[INPUT DATA Boundary: Start]

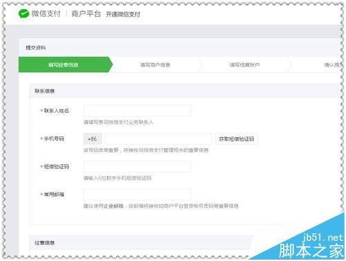 2、进入如下页面后,开始第一步信息填写工作,主要填写的内容有:联系人、手机号码、常用邮箱等信息;
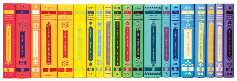 Penguin’s Drop Caps is a series that combines literature and art in a beautiful—and intrinsically collectible—set of books. Once complete this summer, twenty-six classic works of literature will have been republished in the Drop Caps, each hardcover featuring a specifically designed illustrated drop-cap letter by type designer Jessica Hische. The brainchild of Penguin designer Paul Buckley, the series creates a striking visual pop on the bookshelf.
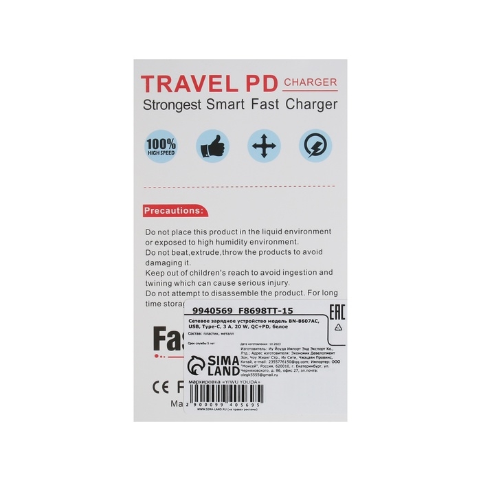 Сетевое зарядное устройство GQ-5, USB, Type-C, 3 A, 20 W, QC+PD, белое
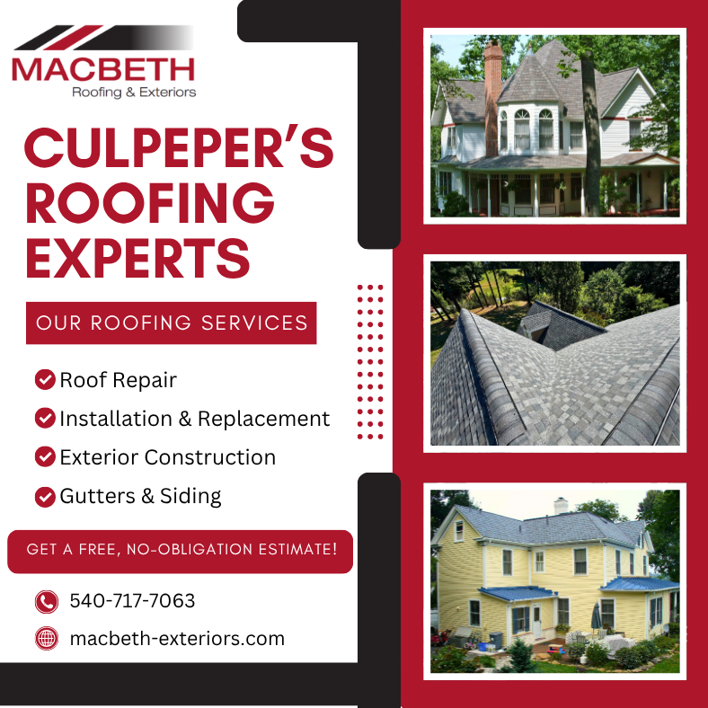 Don’t let a leaking or aging roof compromise your home. MacBeth Roofing & Exteriors serves Culpeper and surrounding areas with high-quality workmanship, transparency, and a stress-free process from...
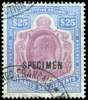 Straits Settlements 1906-12 $25 opt SPECIMEN and with Gabon receiving handstamps
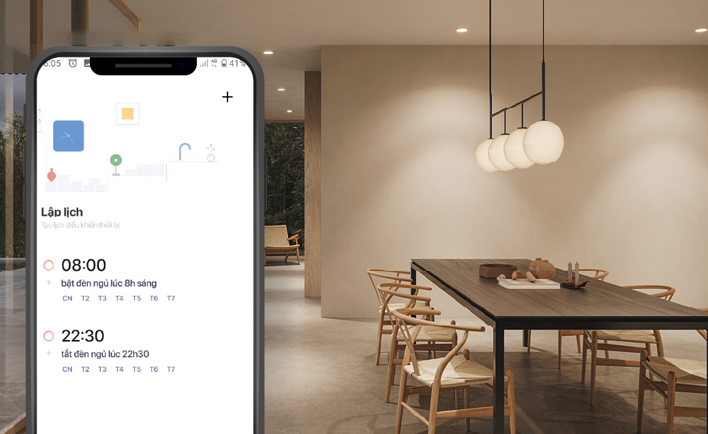 Tạo ngữ cảnh “Báo thức” 6 giờ sáng rèm tự động mở hoặc ánh sáng đèn tăng dần.

[INPUT DATA Boundary: End]

WHAT YOU WILL DO >>
When the line containing "Penguin’s Drop Caps" has been located, retype it and each line after it through the end of the records, excluding the pictures and adding nothing else.

YOUR SOLUTION >>
 Penguin’s Drop Caps is a series that combines literature and art in a beautiful—and intrinsically collectible—set of books. Once complete this summer, twenty-six classic works of literature will have been republished in the Drop Caps, each hardcover featuring a specifically designed illustrated drop-cap letter by type designer Jessica Hische. The brainchild of Penguin designer Paul Buckley, the series creates a striking visual pop on the bookshelf.
 Сетевое зарядное устройство GQ-5, USB, Type-C, 3 A, 20 W, QC+PD, белое
 Don’t let a leaking or aging roof compromise your home. MacBeth Roofing & Exteriors serves Culpeper and surrounding areas with high-quality workmanship, transparency, and a stress-free process from...
 Straits Settlements 1906-12 $25 opt SPECIMEN and with Gabon receiving handstamps
 Tạo ngữ cảnh “Báo thức” 6 giờ sáng rèm tự động mở hoặc ánh sáng đèn tăng dần.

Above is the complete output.